DIRECTIONS FOR THIS TASK >>
Using the data that follows, give again word for word the lines between the one holding "学年✖️10➕α(10分)で" and the one holding "Çekmeköy’de bugün yaşanan", inclusive. Omit the pictures.

DATA FOR THE TASK >>
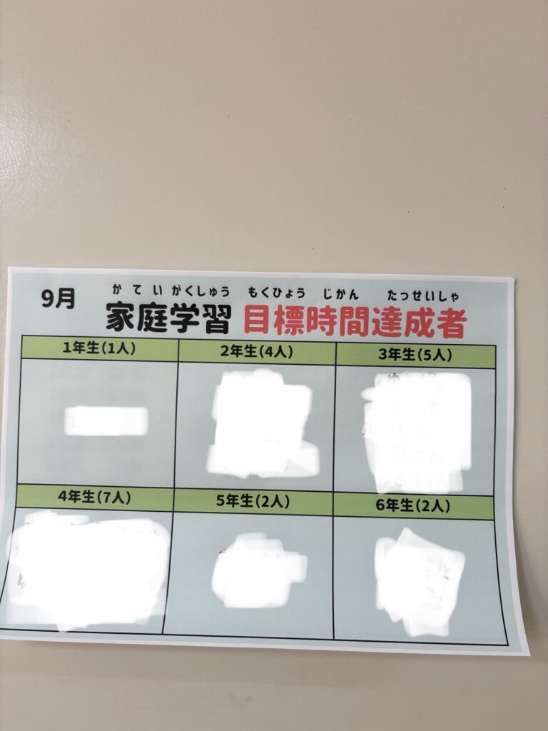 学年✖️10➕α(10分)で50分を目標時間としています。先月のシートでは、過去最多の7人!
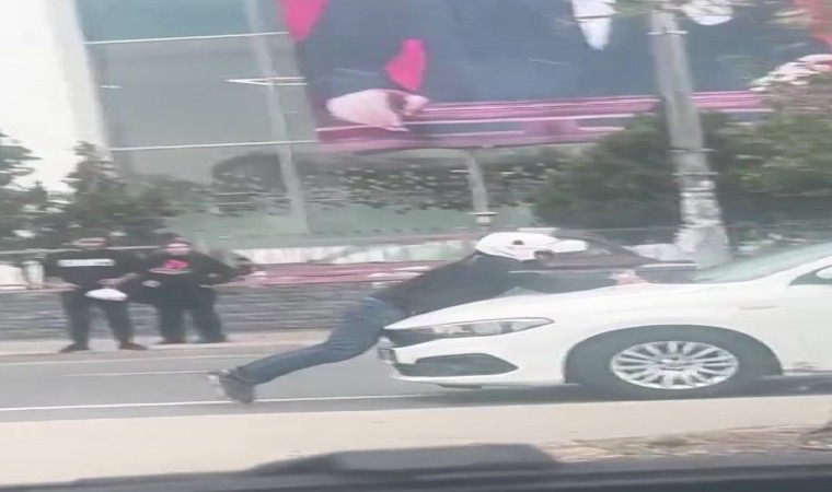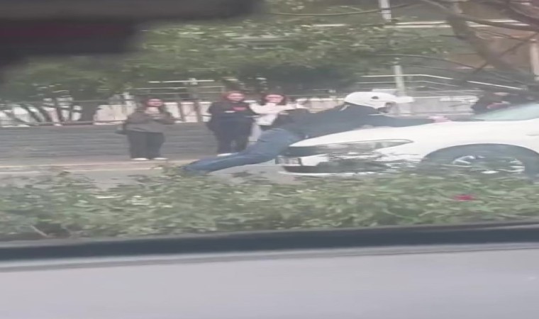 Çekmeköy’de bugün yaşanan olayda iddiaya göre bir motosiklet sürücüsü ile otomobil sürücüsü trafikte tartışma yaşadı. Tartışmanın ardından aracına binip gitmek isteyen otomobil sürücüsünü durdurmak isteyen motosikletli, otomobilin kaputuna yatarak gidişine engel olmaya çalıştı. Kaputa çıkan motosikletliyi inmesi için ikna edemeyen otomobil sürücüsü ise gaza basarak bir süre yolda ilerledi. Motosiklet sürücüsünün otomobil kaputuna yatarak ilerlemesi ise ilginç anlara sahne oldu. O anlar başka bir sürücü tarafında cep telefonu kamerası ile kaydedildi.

---

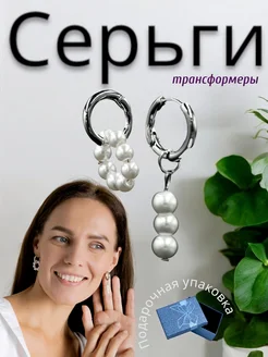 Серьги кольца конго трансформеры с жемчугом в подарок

---

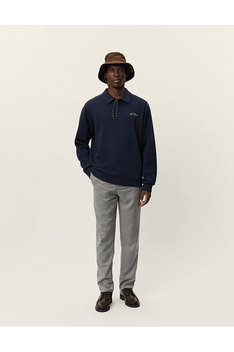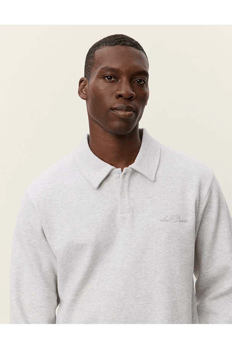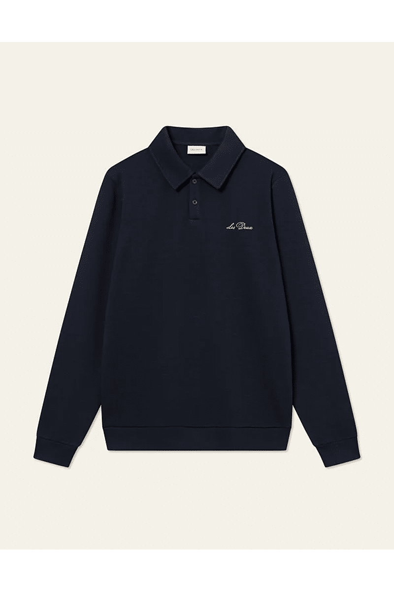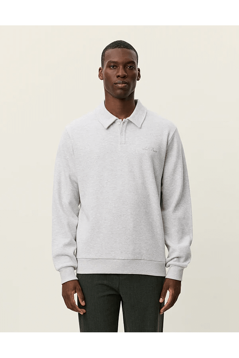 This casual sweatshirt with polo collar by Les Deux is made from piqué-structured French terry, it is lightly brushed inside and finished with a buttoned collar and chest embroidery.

RESULT OF THE EXERCISE >>
 学年✖️10➕α(10分)で50分を目標時間としています。先月のシートでは、過去最多の7人!
 Çekmeköy’de bugün yaşanan olayda iddiaya göre bir motosiklet sürücüsü ile otomobil sürücüsü trafikte tartışma yaşadı. Tartışmanın ardından aracına binip gitmek isteyen otomobil sürücüsünü durdurmak isteyen motosikletli, otomobilin kaputuna yatarak gidişine engel olmaya çalıştı. Kaputa çıkan motosikletliyi inmesi için ikna edemeyen otomobil sürücüsü ise gaza basarak bir süre yolda ilerledi. Motosiklet sürücüsünün otomobil kaputuna yatarak ilerlemesi ise ilginç anlara sahne oldu. O anlar başka bir sürücü tarafında cep telefonu kamerası ile kaydedildi.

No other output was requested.